After 99 years, the Bedford Estate than became the owner of not only the ground, but also the house that had been built on the land, and it was then leased for an additional period for a new annual sum that reflected both the land and the house, so by the end of the 99 years of the first leasing period, houses were then leased at different values to reflect the type, design and condition of the house on the land.
After the first 99 years, as well as different financial values, the leases were also for different periods, between twenty and fifty years. This seems to have been based on the work that the new leaseholder was planning to put into the building, so a leaseholder making a considerable investment on repairs, rebuilding and improvements would have a longer lease period.
One of the benefits to the Bedford Estate of then having leases expire at different times was that it avoided the risk of the leases for all the houses surrounding the square being renewed, for example, during a period of financial depression and low demand, when lease values would have been reduced.
It also means that any plans for radical change across the square are difficult, as the leases all expire at different times, and so the leases that make up a large block of land would not all become available at the same time.
I have no idea whether the Bedford Estate still takes this approach, however it does help explain why the houses in Bedford Square have externally hardly changed since their original build.
Although the external appearance has hardly changed, the interior of the houses on Bedford Square may be very different, reflecting the changes that have taken place over the last few centuries. Different uses, different types of owner, all would have left their mark on the interior.
There are also subtle different to the external façade of the houses, for example, this end of terrace house has a metal veranda structure above the balcony that runs the full width of the house:
From the street, these houses look relatively narrow, however clever design results in a sizeable interior.
The following plan from the book London: The Unique City shows the layout of a typical house in Bedford Square:
Despite the narrow front facing onto the square, each house does extend a fair way back, with both the basement and the ground floors extending some distance, and storage areas which would have held consumables such as coal, extending underneath the pavement from the basement.
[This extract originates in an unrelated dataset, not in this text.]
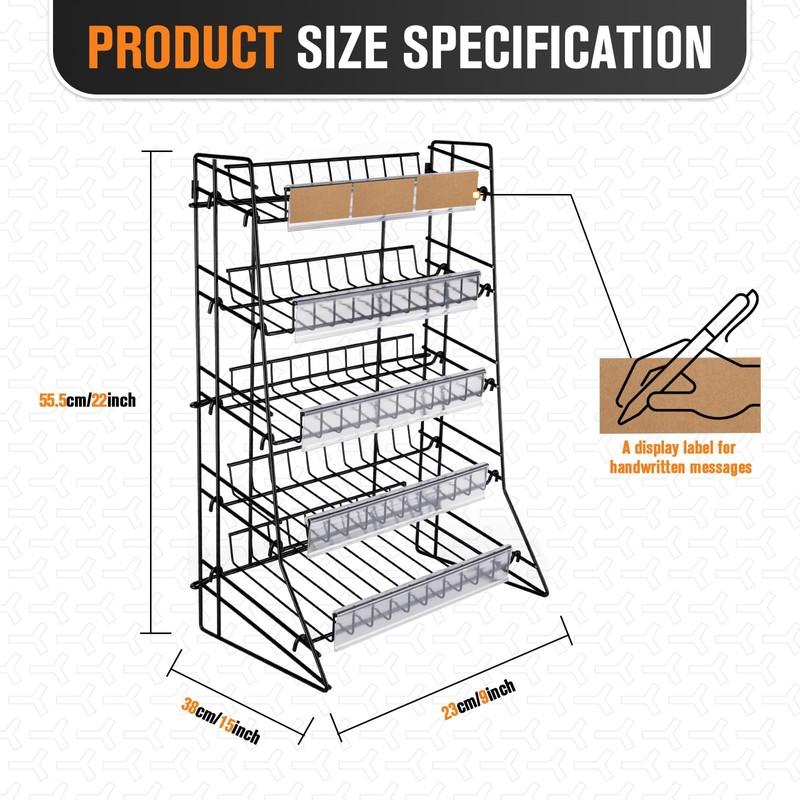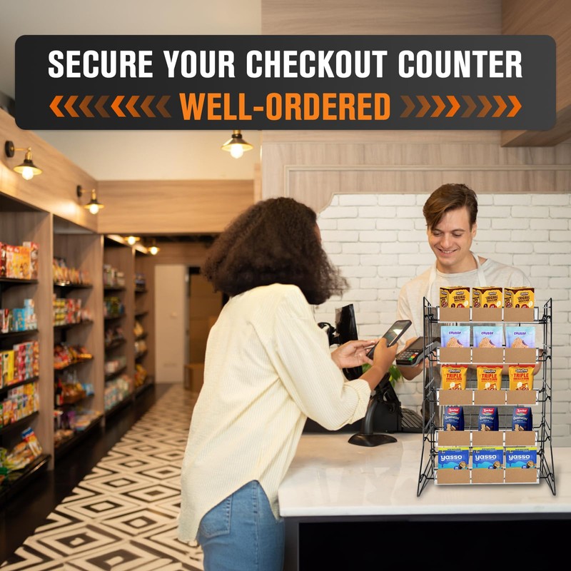 - Maximize Space with Compact Design: With its 5-tier layered design, this snack display rack maximizes the use of space and effectively displays a wide range of snacks and candies. The cascading effect created by the tiered shelves allows customers to easily view all available options while taking up minimal space. Keep your space neat and organized with this convenient home solution

On the north east corner of Bedford Square, the house in the photo below has street signs indicating that it is at the corner of Gower Street and Montague Place:
However below the signs for these two streets are these much older signs indicating a Bedford Square address:
Much of the decoration around the doors of the houses is of Coade Stone, which was made in the factory owned by Eleanor Coade on the south bank of the river, just to the west of the Royal Festival Hall, and in the following photo Coade stone alternates with brick around the main entrances to the house:
As could probably be expected for a location such as Bedford Square, there are a large number of blue plaques on the houses. On the house in the above photo is an English Heritage plaque to Sir Harry Ricardo:
As stated on the plaque, Sir Harry Ricardo was a Mechanical Engineer, and much of his work was centred around the development of the internal combustion engine for both vehicles and aircraft, and his work contributed to the outcome of the First World War as he developed the engines that were used by the tanks on the battlefield.
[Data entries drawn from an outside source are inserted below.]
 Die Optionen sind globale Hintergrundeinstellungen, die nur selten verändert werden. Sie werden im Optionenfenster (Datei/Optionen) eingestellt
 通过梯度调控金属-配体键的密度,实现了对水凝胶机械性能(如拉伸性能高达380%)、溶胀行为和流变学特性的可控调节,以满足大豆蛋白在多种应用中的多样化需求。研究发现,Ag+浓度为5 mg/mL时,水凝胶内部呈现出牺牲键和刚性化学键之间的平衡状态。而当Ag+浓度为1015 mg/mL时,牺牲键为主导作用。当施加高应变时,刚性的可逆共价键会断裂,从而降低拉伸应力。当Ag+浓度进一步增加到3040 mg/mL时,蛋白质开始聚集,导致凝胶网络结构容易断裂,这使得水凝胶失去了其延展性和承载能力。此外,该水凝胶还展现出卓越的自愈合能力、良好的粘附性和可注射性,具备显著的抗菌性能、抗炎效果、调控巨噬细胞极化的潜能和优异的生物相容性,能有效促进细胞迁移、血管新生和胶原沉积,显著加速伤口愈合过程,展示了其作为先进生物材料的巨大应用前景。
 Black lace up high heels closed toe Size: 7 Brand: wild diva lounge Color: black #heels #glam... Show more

And if you fill up a car with petrol, and check the octane rating of the petrol, that is also down to Sir Harry Ricardo as his work on the chemical composition of fuels resulted in the octane classification system
The company he founded is still going strong, and is still named Ricardo, and is based at Shoreham-by-Sea in West Sussex.
The large central houses on the north and south sides of the square have six window bays, and two large entrances:
Whilst those in the centre of the other two sides, have five window bays, and a single entrance from the street:
To the right of the entrance to the building in the above photo, a London County Coucil blue plaque record that Lord Eldon (1751 – 1838), Lord Chancellor, lived in the house.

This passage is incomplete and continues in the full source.